给你一个字符串 s 和一个字符规律 p，请你来实现一个支持 '.' 和 '*' 的正则表达式匹配。

'.' 匹配任意单个字符
'*' 匹配零个或多个前面的那一个元素

所谓匹配，是要涵盖整个字符串 s的，而不是部分字符串。

说明:

s 可能为空，且只包含从 a-z 的小写字母。
p 可能为空，且只包含从 a-z 的小写字母，以及字符 . 和 *。

示例 1:

输入:
s = "aa"
p = "a"
输出: false
解释: "a" 无法匹配 "aa" 整个字符串。

示例 2:

输入:
s = "aa"
p = "a*"
输出: true
解释: 因为 '*' 代表可以匹配零个或多个前面的那一个元素, 在这里前面的元素就是 'a'。因此，字符串 "aa" 可被视为 'a' 重复了一次。

示例 3:

输入:
s = "ab"
p = ".*"
输出: true
解释: ".*" 表示可匹配零个或多个（'*'）任意字符（'.'）。

示例 4:

输入:
s = "aab"
p = "c*a*b"
输出: true
解释: 因为 '*' 表示零个或多个，这里 'c' 为 0 个, 'a' 被重复一次。因此可以匹配字符串 "aab"。

示例 5:

输入:
s = "mississippi"
p = "mis*is*p*."
输出: false

通过次数81,627 | 提交次数289,182

Second Try

2020-06-13

First Try的加速版本，当时还没想到有重复的路径需要用用cache缓存，只是考虑到每次递归调用都需要复制字符串，担心耗费太多时间，于是传入同一个字符串和当前处理的指针位置。速度最终是有点提升，但没用cache缓存的时候还是挂掉了，问题还是在于状态的保存，动态规划。

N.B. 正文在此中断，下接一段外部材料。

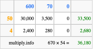 That's all there is to it! As you can see from the box above, the answer to 670 times 54 using the box method is 36,180.

既然Fist Try中的string消耗递归也没影响多少时间，这步优化可以不用。

class Solution(object):
    def isMatch(self, s, p):
        """
        :type s: str
        :type p: str
        :rtype: bool

        - 还是考虑使用回溯法，看是否能够同时消耗掉string和pattern
        - *号依然每次考虑两个点
        """
        # global k
        # k = 0

        cache = [["" for i in range(len(p)+1)] for j in range(len(s)+1)]
        def match(string, pattern, si, pi):
            # string或者pattern有一个用完了，需要判断是否两个都用完
            # 如果pattern用完了，那么可以肯定认为string必须得用完
            # 如果string用完了，但是pattern没用完，有可能pattern剩下的是无效的，需要允许在string为空的时候继续进入判断
            # 允许string为空的时候进入判断，这个就麻烦了，又写出了几个bug
            # print(string, pattern)
            # print(id(string))  # 每次调用的string都一样，没有被复制
            # global k
            # k += 1
            if cache[si][pi] != "":
                return cache[si][pi]
            sn, pn = len(string), len(pattern)
            # print(si, sn, pi, pn)          
            if pi == pn:  # 溢出才算数
                return si == sn
            first_match = si != sn and (pattern[pi] in (string[si], "."))
            rv = False
            if pn - pi >= 2 and pattern[pi + 1] == "*":
                # choice 1: just pass over the pattern
                # choice 2: consume the string, pattern reserved, 但是需要注意string仍然有内容可供跳转，不然就是无限递归
                choice_one = match(string, pattern, si, pi + 2)
                choice_two = first_match  and match(string, pattern, si + 1, pi)              
                rv = choice_one or choice_two
            elif first_match:
                rv = match(string, pattern, si + 1, pi + 1)
            else:
                rv = False
                
            cache[si][pi] = rv
            return cache[si][pi]
    
        rv =  match(s, p, 0, 0)
        # print(k)
        return rv

执行用时 :32 ms, 在所有 Python 提交中击败了96.98%的用户
内存消耗 :12.9 MB, 在所有 Python 提交中击败了33.33%的用户

First Try

2020-06-13

这道题的坑非常多，重点是考虑“*"号多重路径的处理，最后还要考察动态规划的状态缓存。

*号的坑：
- 首先**是不允许存在的，*也不会出现在第一个，不过该题目好像不需要考虑这个问题
- 在遇到*号的时候，需要考虑到跳两格处理问题，同时还需要能想出递归的编写方式。
- 每次遇到*号，有两种路径选择需要分开考虑:
  - choice 1: just pass over the pattern, 跳过当前pattern不去管，让递归自动进入string和pattern下一级的判断。
  - choice 2: consume the string, pattern reserved, 消耗当前string一个字符，让递归继续判断string下一级和当前pattern。
结束条件有坑：
- string或者pattern有一个用完了，需要判断是否两个都用完才算是结束条件
- 如果pattern用完了，那么string必须得用完，否则挂掉
- 如果string用完了但是pattern没用完，有可能pattern剩下的是无效的，需要允许在string为空的时候继续进入判断。由于这一步的影响，需要在当string为空的时候跳过其他判断，只运行判断"*"号的处理。
cache缓存动态规划：
- 本来使用string和pattern字符串递归传递，很难用字符来做缓存数组，但考虑到剩余长度为n的string是相同的，直接用剩下的string和pattern长度作为缓存即可。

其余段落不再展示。